**Task to complete**
Would it be possible to write out each entry below exactly, without the pictures?

**Data listing**
● ● ● ● ●

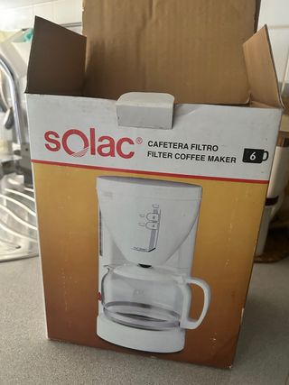Cafetera de filtro Solac con capacidad para 6 tazas. Ideal para preparar café de forma sencilla. - Diseño compacto y funcional. - Jarra de cristal resistente.
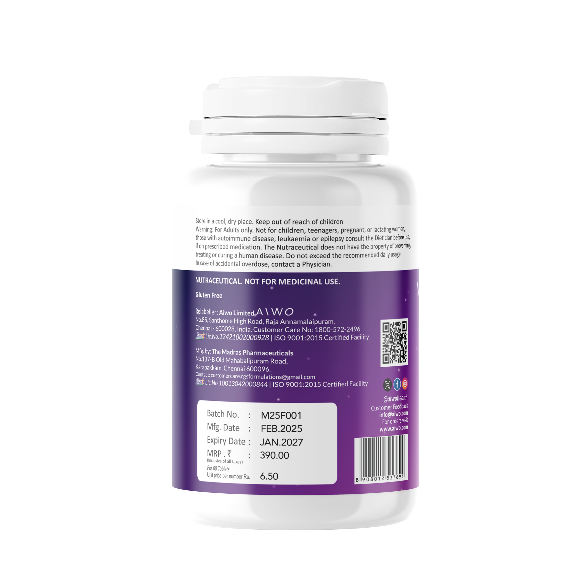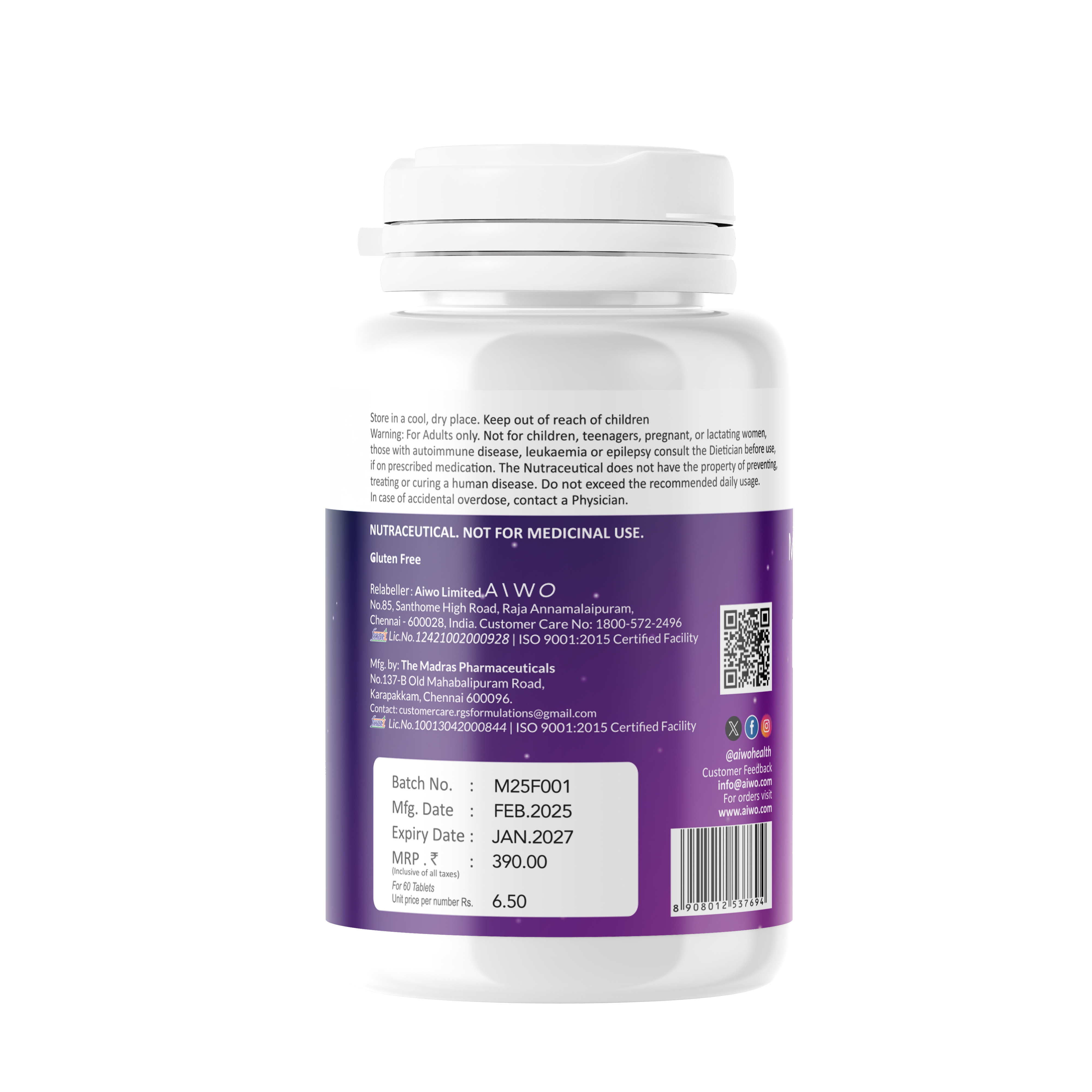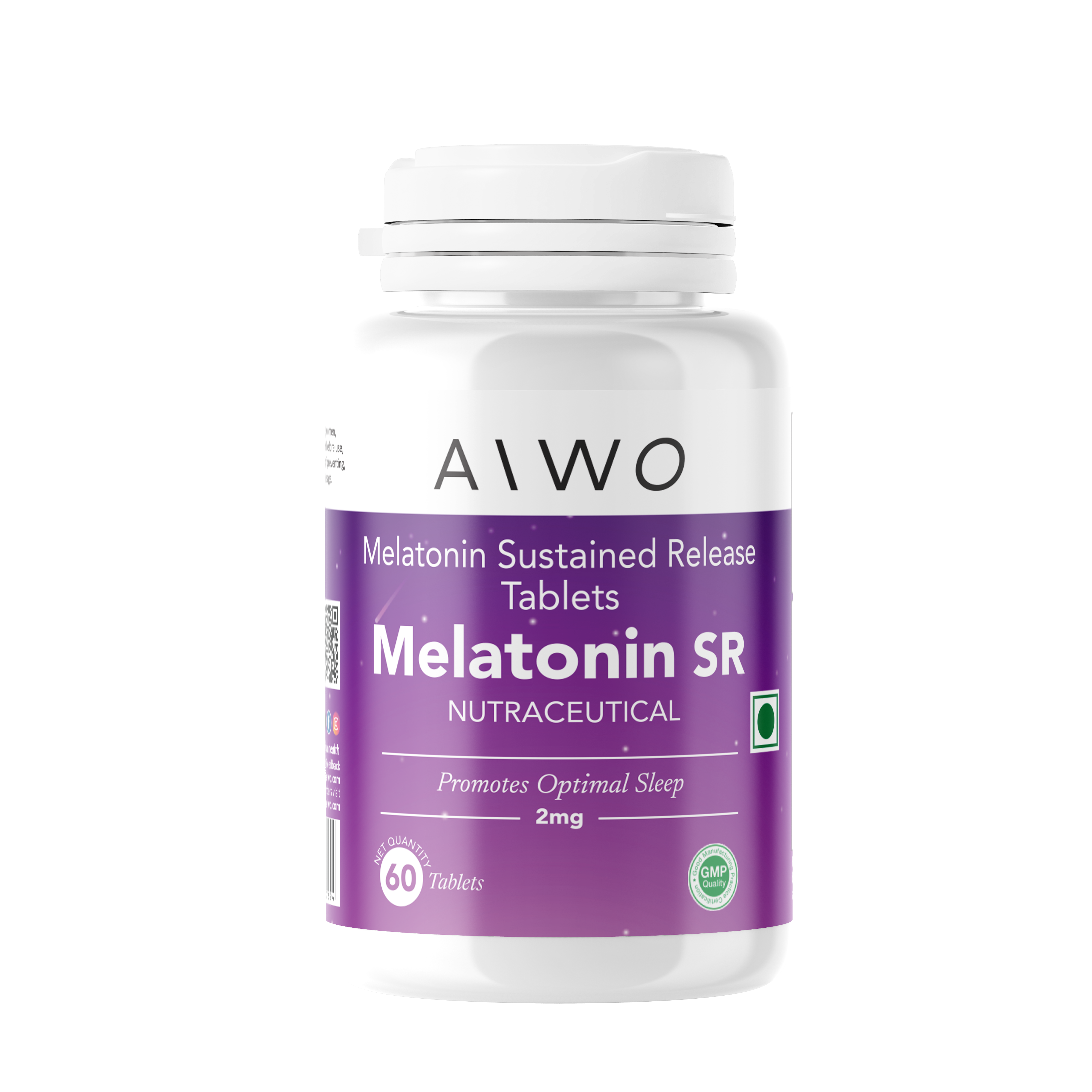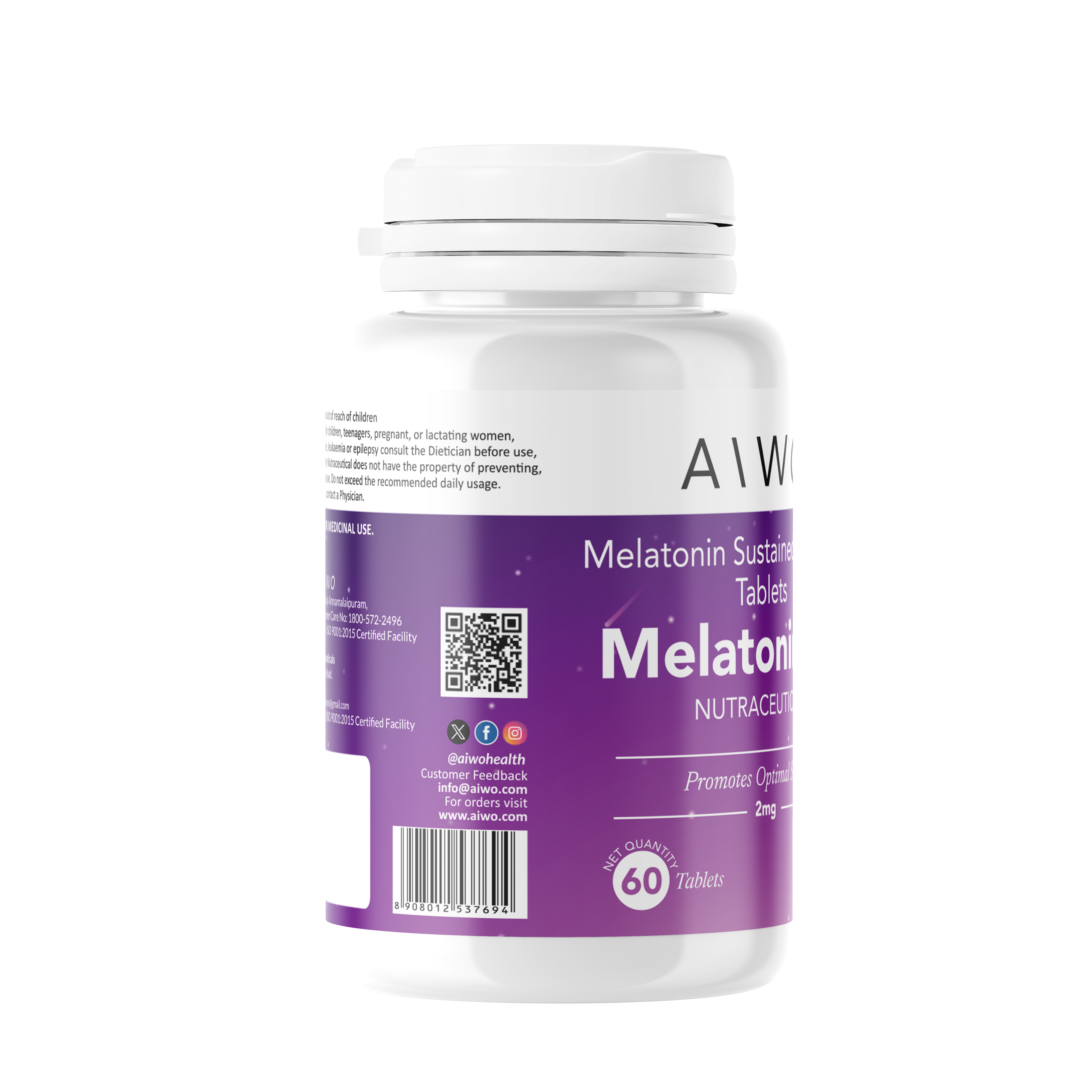 AIWO Melatonin SR 2 mg delivers sustained-release melatonin to support circadian rhythm balance, restful sleep, antioxidant defense, and overall night-time recovery.
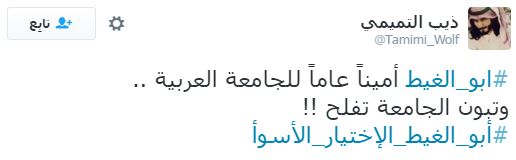 ودشن عدد من الرواد هاشتاجا تحت اسم “#أبو_الغيط_الإختيار_الأسوأ”، وجاءت التعليقات في سياق انتقاد مواقف سابقة للوزير المصري في عهد الرئيس المخلوع محمد سحني مبارك، كما علق آخر “تعسًا لأمة هذه جامعتها”، وجاءت التعليقات كالآتي،
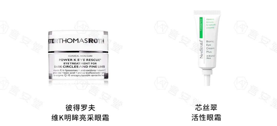 在产品选择上,可以重点关注主打以下成分的眼部产品。
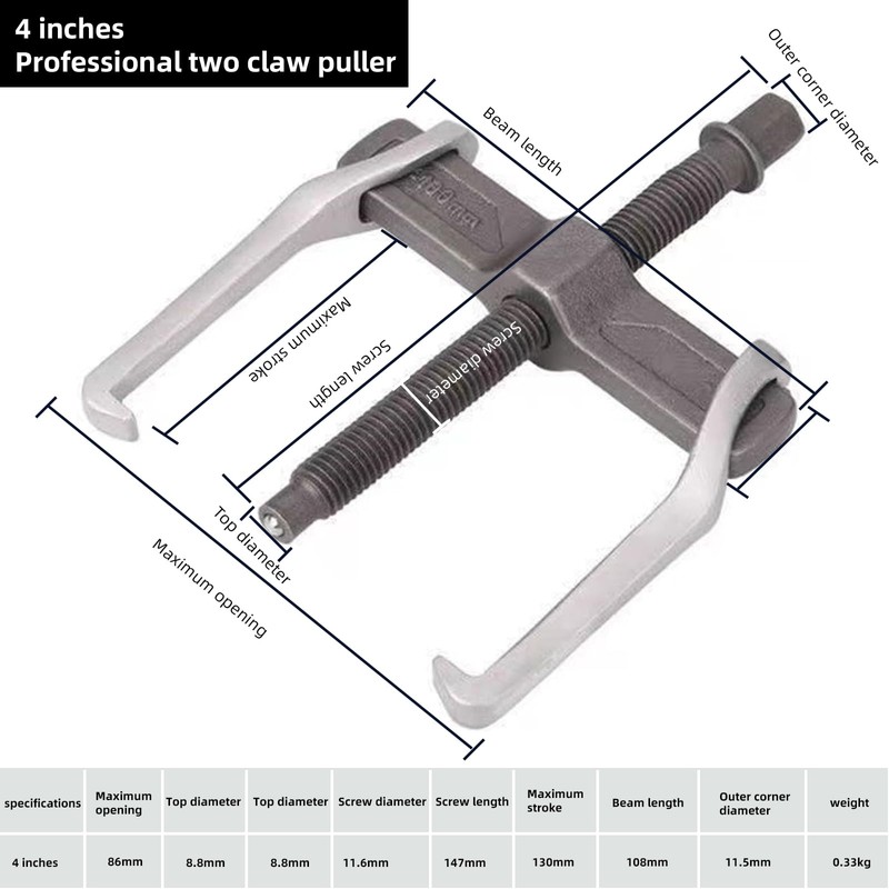 Product Name: 4-inch self-locking two-claw puller multifunctional special bearing removal tool Material: Carbon Steel
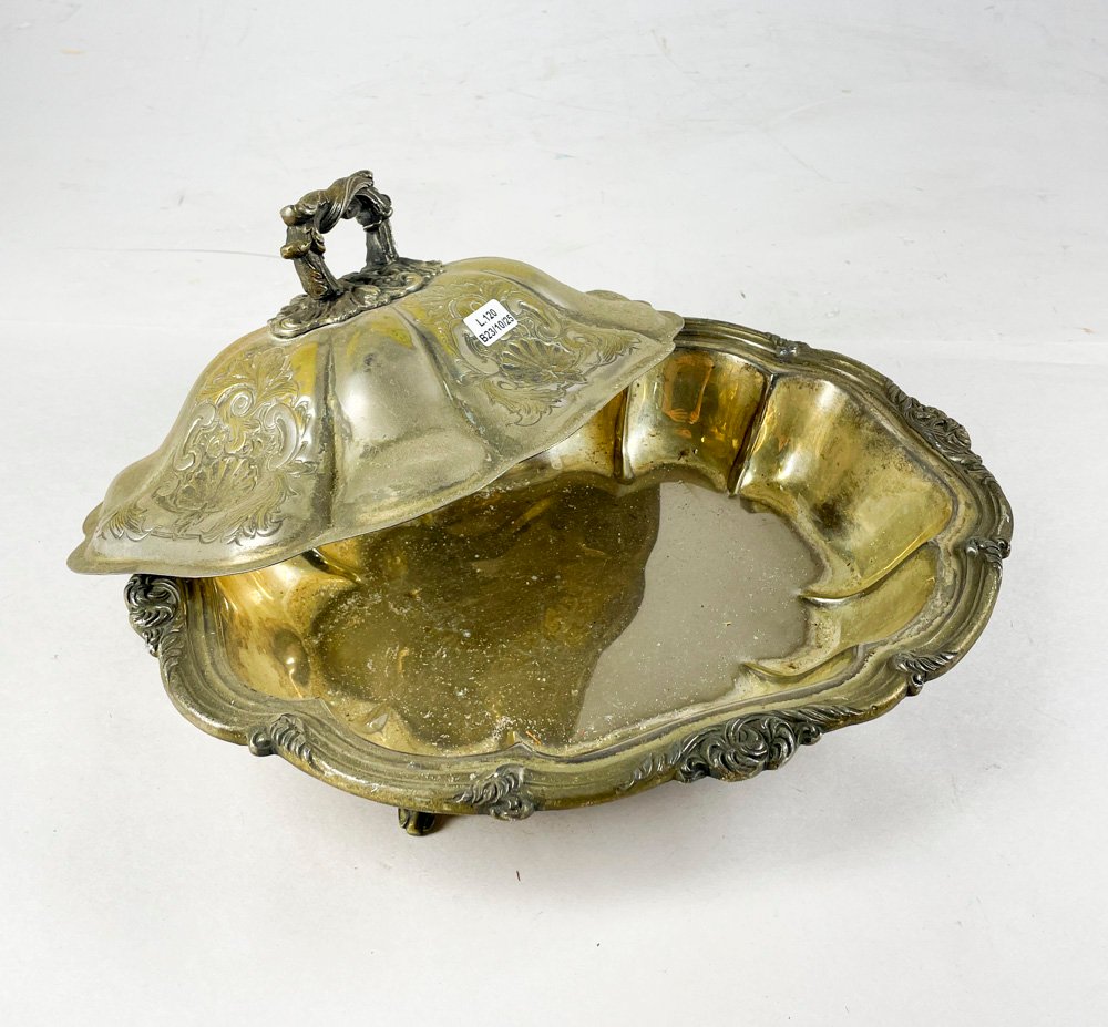 Este centro metálico labrado cuenta con una tapa de oro y plata, lo que lo hace un objeto único y valioso. Según el análisis de las imágenes, se detectaron objetos como metal container, tray y bowl, así como colores como gold y silver. La condición del objeto varía entre excelente, bueno y pobre en diferentes imágenes. Los rasgos destacados incluyen una ornamentada diseño y un mango. Es importante tener en cuenta que el estado de conservación puede variar dependiendo de la imagen analizada.

● ● ● ● ●

**Your solution**
Cafetera de filtro Solac con capacidad para 6 tazas. Ideal para preparar café de forma sencilla. - Diseño compacto y funcional. - Jarra de cristal resistente.
 AIWO Melatonin SR 2 mg delivers sustained-release melatonin to support circadian rhythm balance, restful sleep, antioxidant defense, and overall night-time recovery.
 ودشن عدد من الرواد هاشتاجا تحت اسم “#أبو_الغيط_الإختيار_الأسوأ”، وجاءت التعليقات في سياق انتقاد مواقف سابقة للوزير المصري في عهد الرئيس المخلوع محمد سحني مبارك، كما علق آخر “تعسًا لأمة هذه جامعتها”، وجاءت التعليقات كالآتي،
 在产品选择上,可以重点关注主打以下成分的眼部产品。
 Product Name: 4-inch self-locking two-claw puller multifunctional special bearing removal tool Material: Carbon Steel
 Este centro metálico labrado cuenta con una tapa de oro y plata, lo que lo hace un objeto único y valioso. Según el análisis de las imágenes, se detectaron objetos como metal container, tray y bowl, así como colores como gold y silver. La condición del objeto varía entre excelente, bueno y pobre en diferentes imágenes. Los rasgos destacados incluyen una ornamentada diseño y un mango. Es importante tener en cuenta que el estado de conservación puede variar dependiendo de la imagen analizada.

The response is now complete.